Source records:
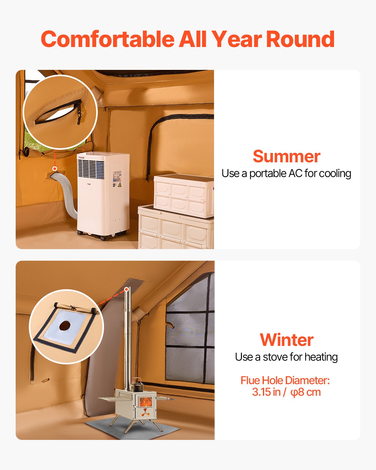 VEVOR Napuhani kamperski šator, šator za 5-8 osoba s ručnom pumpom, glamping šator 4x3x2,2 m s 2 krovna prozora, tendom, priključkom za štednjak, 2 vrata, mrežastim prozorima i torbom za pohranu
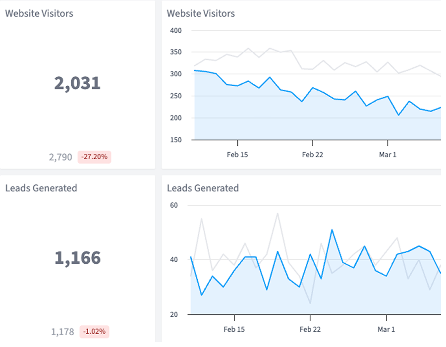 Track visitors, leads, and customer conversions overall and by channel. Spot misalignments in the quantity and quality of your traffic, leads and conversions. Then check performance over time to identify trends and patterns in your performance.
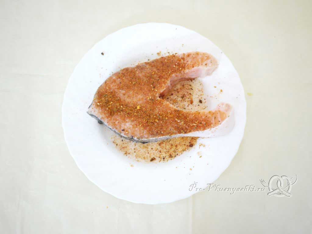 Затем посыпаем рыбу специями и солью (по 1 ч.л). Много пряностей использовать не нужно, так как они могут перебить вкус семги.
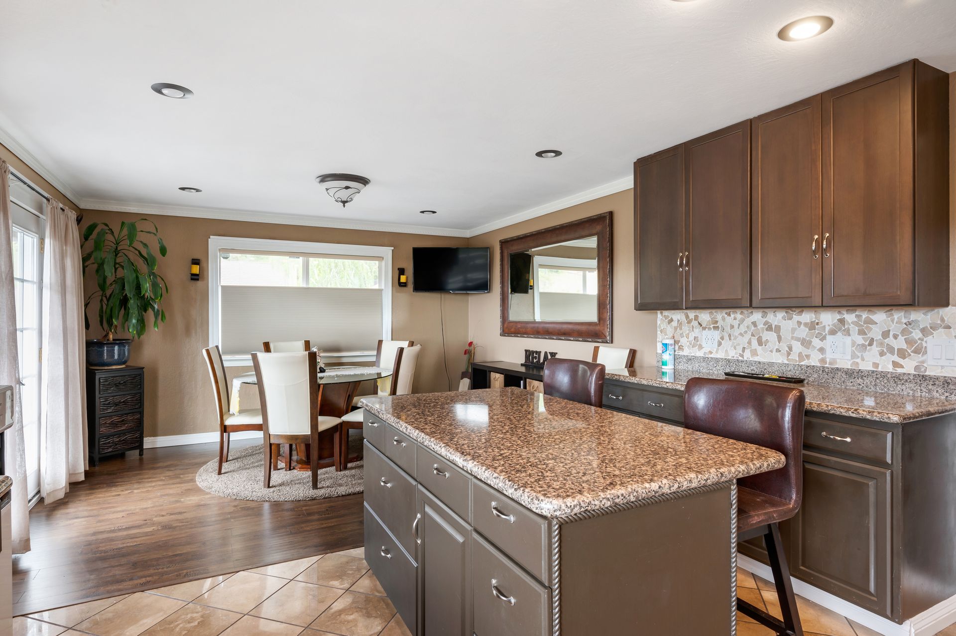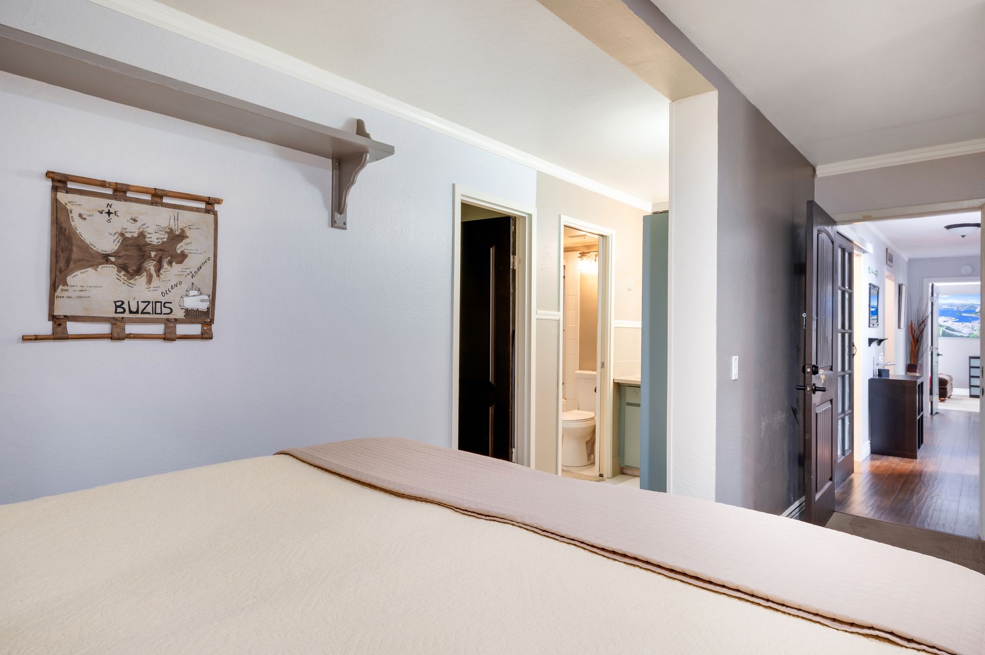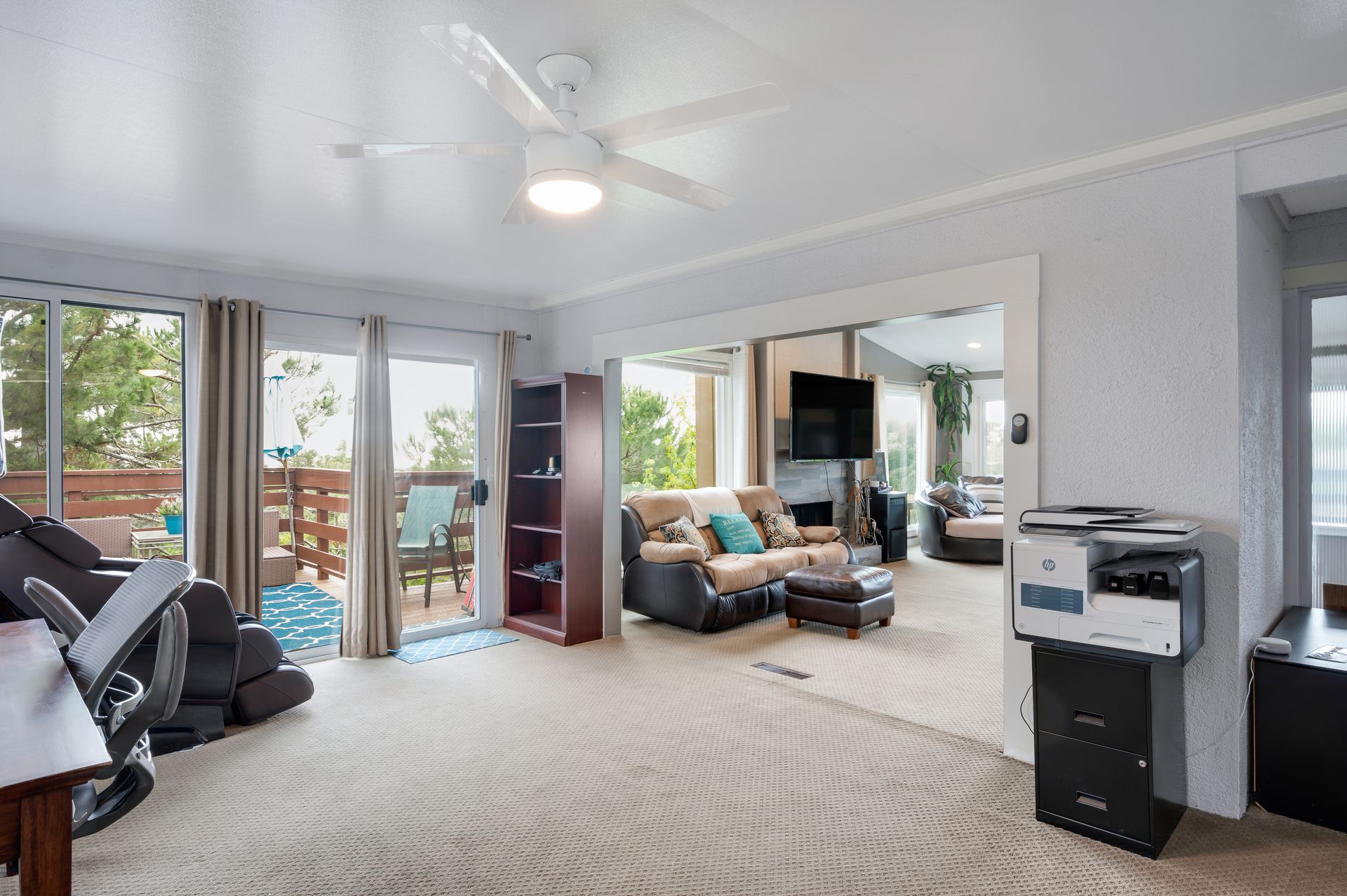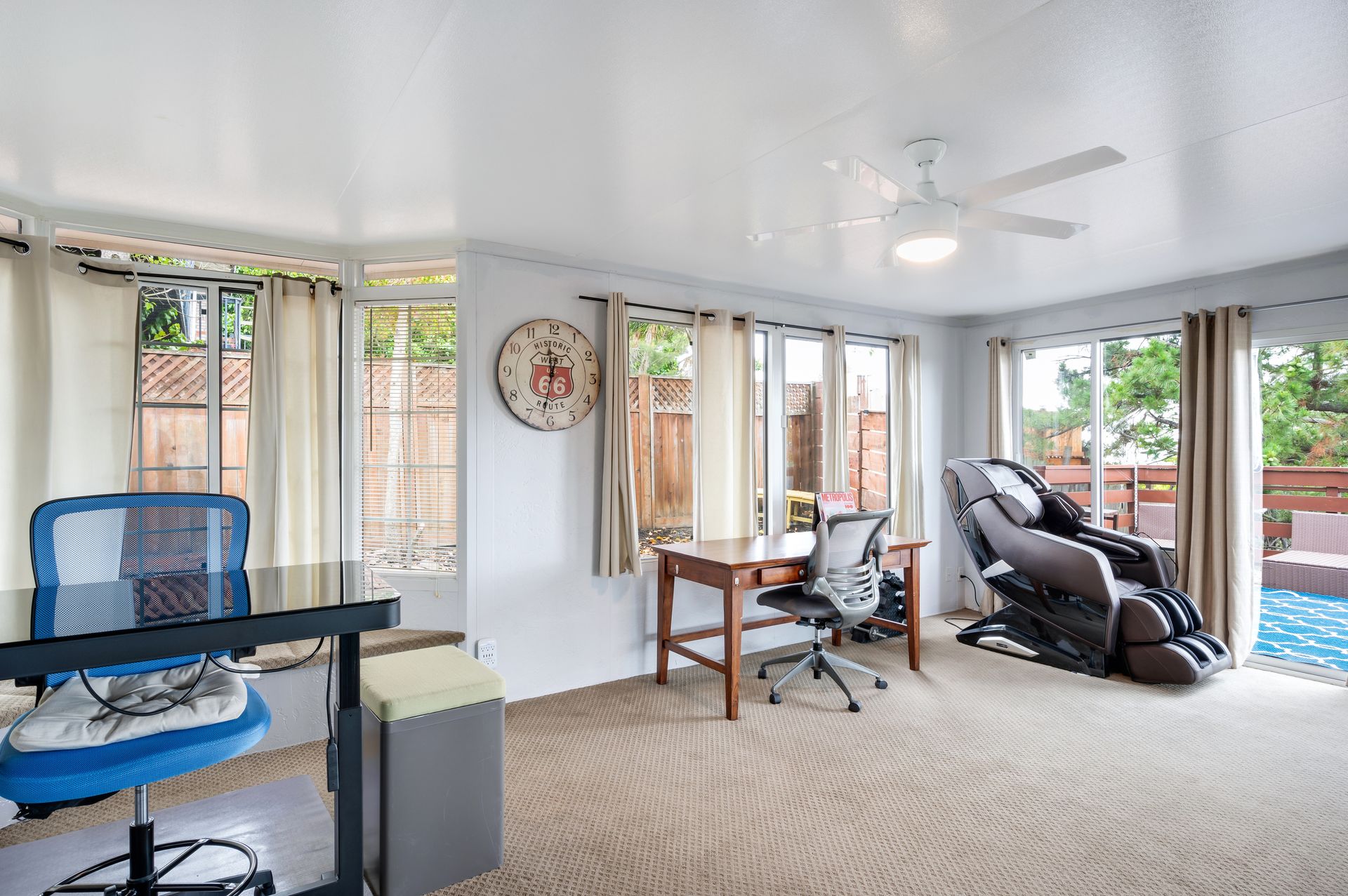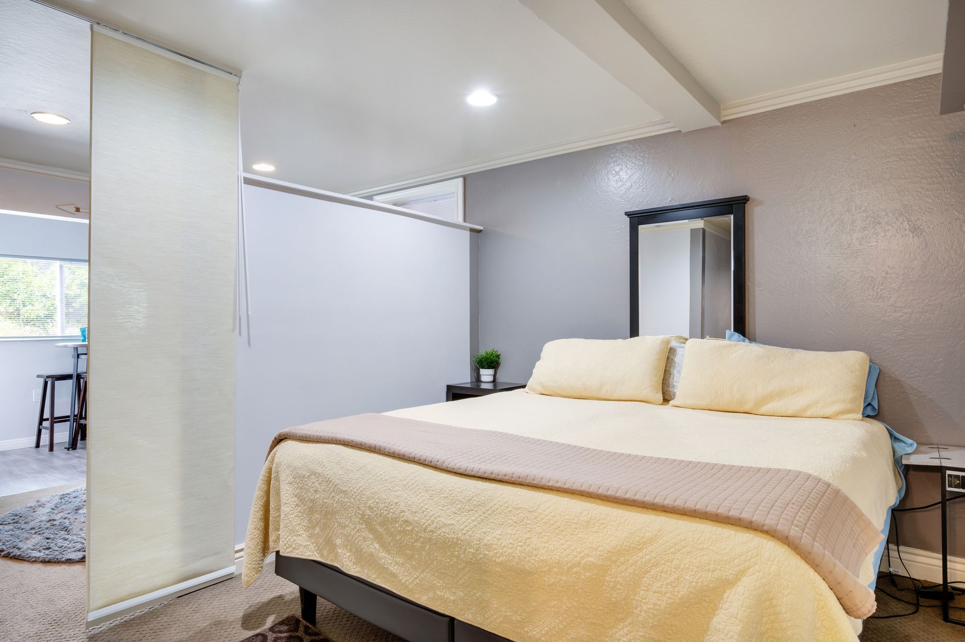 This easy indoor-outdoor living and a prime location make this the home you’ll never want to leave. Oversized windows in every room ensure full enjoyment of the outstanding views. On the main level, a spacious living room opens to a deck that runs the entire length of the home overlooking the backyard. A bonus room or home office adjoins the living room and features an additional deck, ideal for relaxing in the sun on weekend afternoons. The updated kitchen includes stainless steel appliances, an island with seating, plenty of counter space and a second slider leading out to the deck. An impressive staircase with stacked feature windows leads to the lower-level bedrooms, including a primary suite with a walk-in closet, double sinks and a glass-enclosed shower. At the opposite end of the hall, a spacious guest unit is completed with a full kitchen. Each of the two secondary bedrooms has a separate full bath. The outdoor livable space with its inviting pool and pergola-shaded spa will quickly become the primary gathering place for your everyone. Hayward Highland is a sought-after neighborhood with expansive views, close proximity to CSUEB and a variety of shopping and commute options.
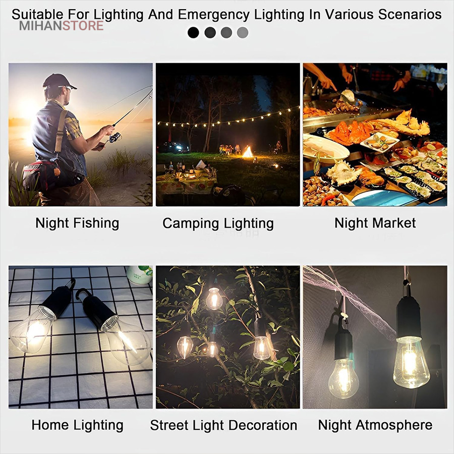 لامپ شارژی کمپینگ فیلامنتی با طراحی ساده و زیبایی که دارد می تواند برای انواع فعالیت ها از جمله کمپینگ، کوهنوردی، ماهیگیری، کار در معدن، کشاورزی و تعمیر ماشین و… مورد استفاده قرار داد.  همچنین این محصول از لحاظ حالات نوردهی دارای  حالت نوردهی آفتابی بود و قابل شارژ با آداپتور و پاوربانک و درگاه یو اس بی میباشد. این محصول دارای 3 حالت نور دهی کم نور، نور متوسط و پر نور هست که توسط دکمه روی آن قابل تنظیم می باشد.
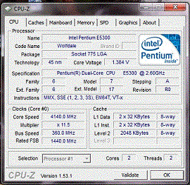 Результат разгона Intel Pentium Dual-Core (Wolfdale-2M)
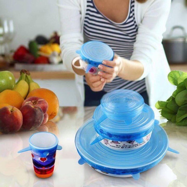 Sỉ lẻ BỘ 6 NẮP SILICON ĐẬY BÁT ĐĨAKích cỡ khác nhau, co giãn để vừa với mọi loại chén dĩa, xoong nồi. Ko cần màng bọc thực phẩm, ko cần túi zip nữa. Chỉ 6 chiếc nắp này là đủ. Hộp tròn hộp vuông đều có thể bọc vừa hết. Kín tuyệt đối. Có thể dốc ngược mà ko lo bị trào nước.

What this task involves: Leaving all pictures out, output exactly the lines of the material above from the line with "Track visitors, leads, and" to the line with "Затем посыпаем рыбу", both included.

Exercise solution:
 Track visitors, leads, and customer conversions overall and by channel. Spot misalignments in the quantity and quality of your traffic, leads and conversions. Then check performance over time to identify trends and patterns in your performance.
 Затем посыпаем рыбу специями и солью (по 1 ч.л). Много пряностей использовать не нужно, так как они могут перебить вкус семги.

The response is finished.